§ Brief
Write out, word for word and with no pictures, each line below from the one containing "FLORIA Hydrogel: je" through the one containing "Skład: Każda tabletka", both included, and no other line.

======== Input ========

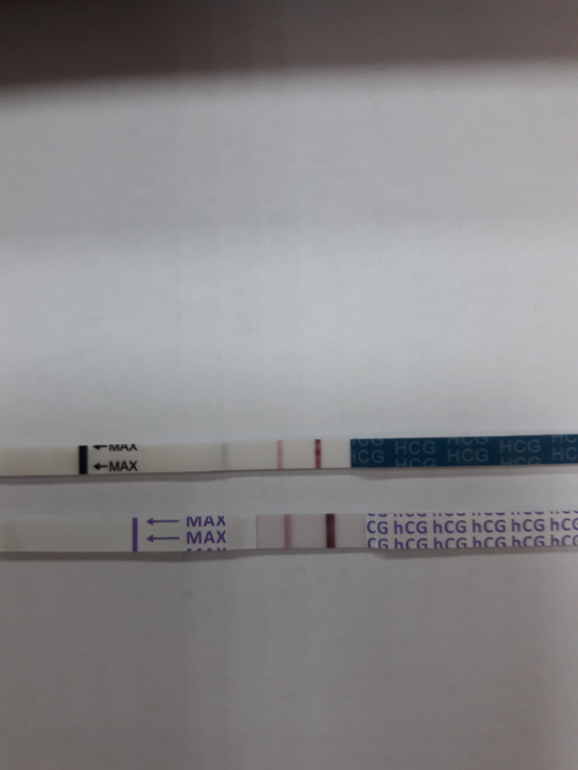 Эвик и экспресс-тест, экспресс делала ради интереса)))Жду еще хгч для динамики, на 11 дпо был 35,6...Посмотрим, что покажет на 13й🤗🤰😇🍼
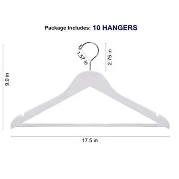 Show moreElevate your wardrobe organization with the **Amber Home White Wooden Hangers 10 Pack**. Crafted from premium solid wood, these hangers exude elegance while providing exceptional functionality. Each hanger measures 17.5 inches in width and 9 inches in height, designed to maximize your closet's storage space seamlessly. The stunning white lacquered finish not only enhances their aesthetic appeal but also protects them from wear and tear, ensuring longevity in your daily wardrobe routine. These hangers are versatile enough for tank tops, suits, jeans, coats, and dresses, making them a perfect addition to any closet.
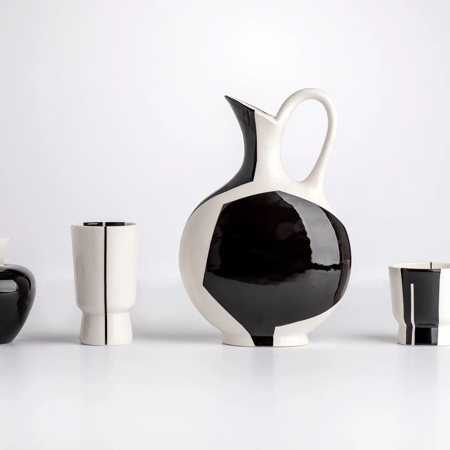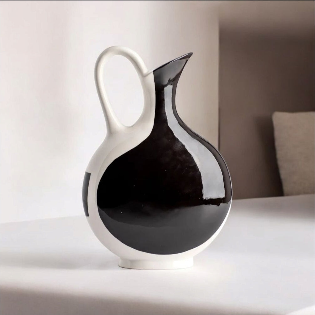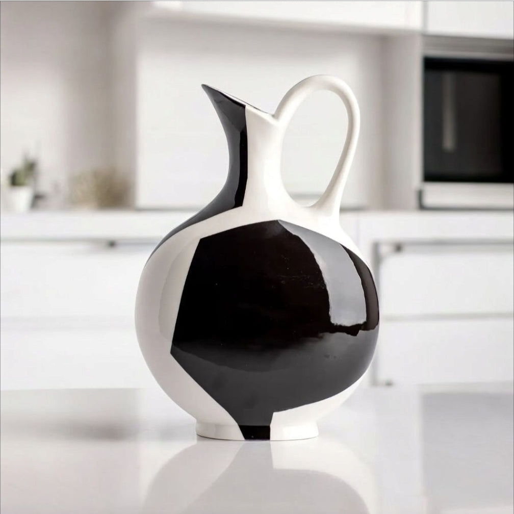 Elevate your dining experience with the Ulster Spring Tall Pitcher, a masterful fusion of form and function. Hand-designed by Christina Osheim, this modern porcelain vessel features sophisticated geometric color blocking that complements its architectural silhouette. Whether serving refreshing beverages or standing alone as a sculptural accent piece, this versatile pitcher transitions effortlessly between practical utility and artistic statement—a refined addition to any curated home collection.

========
======== Input ========

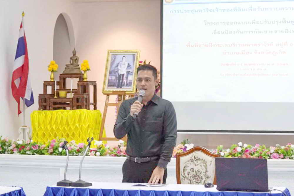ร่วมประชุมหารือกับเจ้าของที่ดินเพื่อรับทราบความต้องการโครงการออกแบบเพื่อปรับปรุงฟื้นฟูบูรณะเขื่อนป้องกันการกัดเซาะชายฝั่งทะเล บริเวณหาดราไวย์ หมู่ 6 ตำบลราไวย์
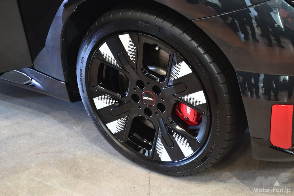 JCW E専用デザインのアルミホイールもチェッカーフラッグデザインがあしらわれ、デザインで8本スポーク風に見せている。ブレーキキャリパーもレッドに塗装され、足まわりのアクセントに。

========
======== Input ========

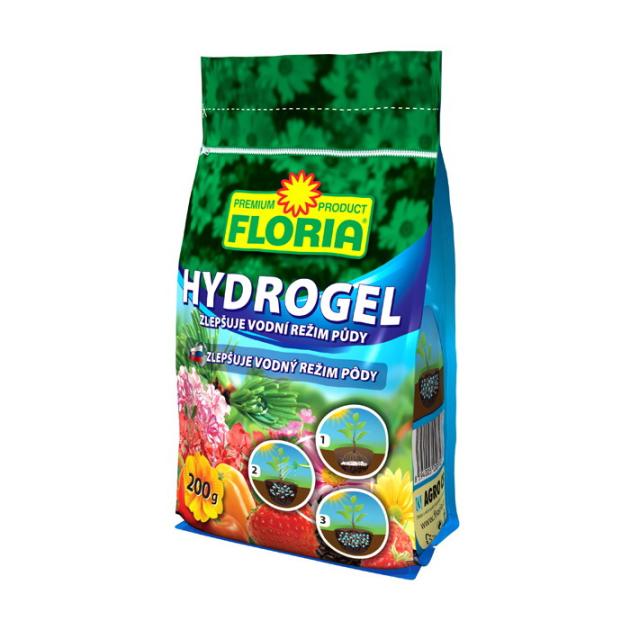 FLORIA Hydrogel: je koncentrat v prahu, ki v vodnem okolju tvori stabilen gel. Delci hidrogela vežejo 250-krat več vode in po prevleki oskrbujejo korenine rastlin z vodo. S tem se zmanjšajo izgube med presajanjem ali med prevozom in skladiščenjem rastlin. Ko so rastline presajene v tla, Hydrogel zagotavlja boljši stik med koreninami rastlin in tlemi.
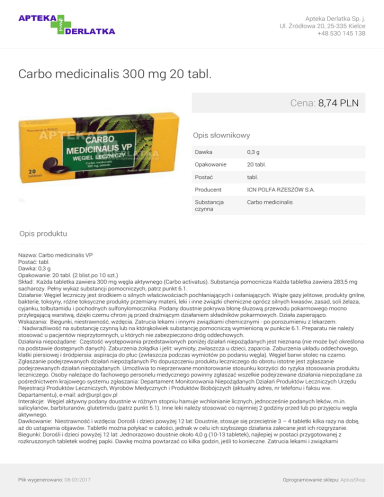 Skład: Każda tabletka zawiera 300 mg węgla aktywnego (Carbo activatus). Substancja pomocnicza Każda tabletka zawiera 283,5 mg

========

§ Written answer
 FLORIA Hydrogel: je koncentrat v prahu, ki v vodnem okolju tvori stabilen gel. Delci hidrogela vežejo 250-krat več vode in po prevleki oskrbujejo korenine rastlin z vodo. S tem se zmanjšajo izgube med presajanjem ali med prevozom in skladiščenjem rastlin. Ko so rastline presajene v tla, Hydrogel zagotavlja boljši stik med koreninami rastlin in tlemi.
 Skład: Każda tabletka zawiera 300 mg węgla aktywnego (Carbo activatus). Substancja pomocnicza Każda tabletka zawiera 283,5 mg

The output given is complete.